First it is easy to see that if $ a_i \leq0 $ at optimal solution we have $x_i = 0$, and we can omit the variable $x_i$ so let's first assume $a_i$ are distinct hence (WLOG by rearranging x_i) $$ 0 < a_1 < a_2 < a_3 ... < a_n $$
Now let assume at the Unique optimal solution, say $(x^*_1 , x^*_2,..., x^*_n)$, we have $\sum\limits_{i = 1}^nx^*_i = \epsilon,$ obviously based our assumption $ \epsilon > 0. $ So one can rewrite problem equivalently as $$ \begin{array}{ll} \text{maximize} & \sum\limits_{i = 1}^na_ix_i\\ \text{subject to} & \\ & \sum\limits_{i = 1}^nx_i = \epsilon \\ & 0\leq x_1,x_2,...,x_n \leq 1\end{array} $$
This is a linear programing. A simple analysis reveals that the optimal solution is $(0,0,..0, \epsilon -j,1,1,..,1)$. Where numbers of $1$s is $j$ and $ 0 \leq x^*_{n-j} = \epsilon - j < 1.$
Clarification about the index $j:$ depending $\epsilon$ the index $j$ can be any number within the set $\{0,1,2,..,n\}$, for example if $\epsilon < 1$ then optimal solution is $(0,0,..0,\epsilon)$ i.e., $j=0$, or if $\epsilon = \frac{3}{2}$ then the optimal solution is $(0,0,..0,\frac{1}{2},1)$ i.e., $j=1$, or if $\epsilon =n$ then optimal solution is $(1,1,...,1)$ i.e., $j=n$.

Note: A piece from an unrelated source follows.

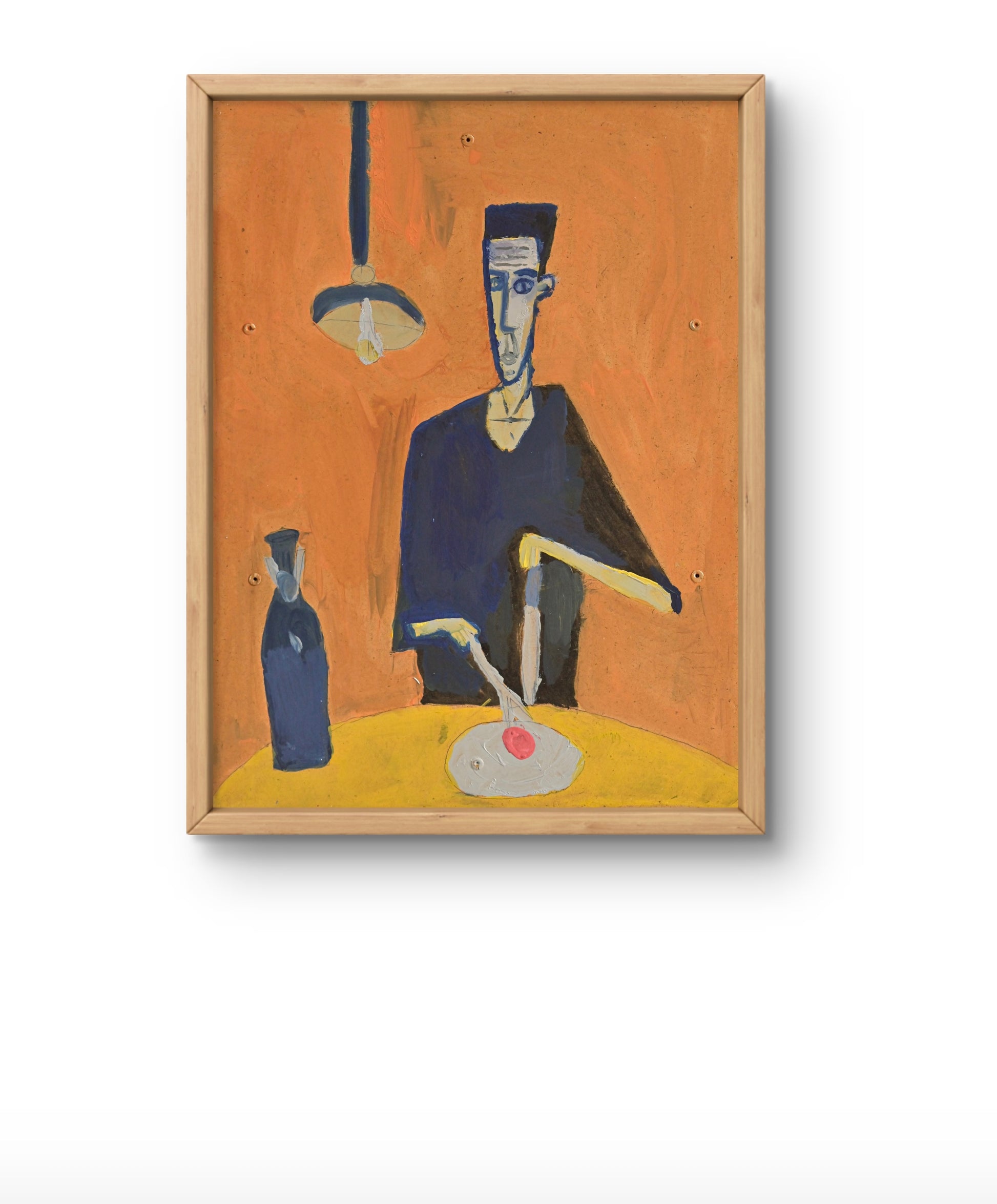 The setting is reduced to essentials: a yellow table, a dark bottle, a suspended lamp. The egg at the center becomes a fragile symbolic focal point. The intense orange background heightens the emotional tension of the scene.

Now to finish problem we only need find $\epsilon$ (or $x^*_{n-j}$)! To End this, back to original problem we know at optimal solution we have $$ x_1 = x_2 = x_{n-j-1} = 0, ~ x_{n-j+1} = x_{n-j+2}=...=x_{n} =1 $$
so we only need to maximize $a_{n-j} x_{n-j} - (x_{n-j} + j )^2 $ over the interval constraint $ x_{n-j} \in [0,1]$, Hence, $x^*_{n-j} = \max \{ \frac{a_{n-j}}{2} - j , 0 \}.$
Therefore in general the closed formula is obtained if $a_I$ are distinct.
For the case $a_i$ are not distinct, one can merge all variables with same $a_i$! and consider similar approach to get result.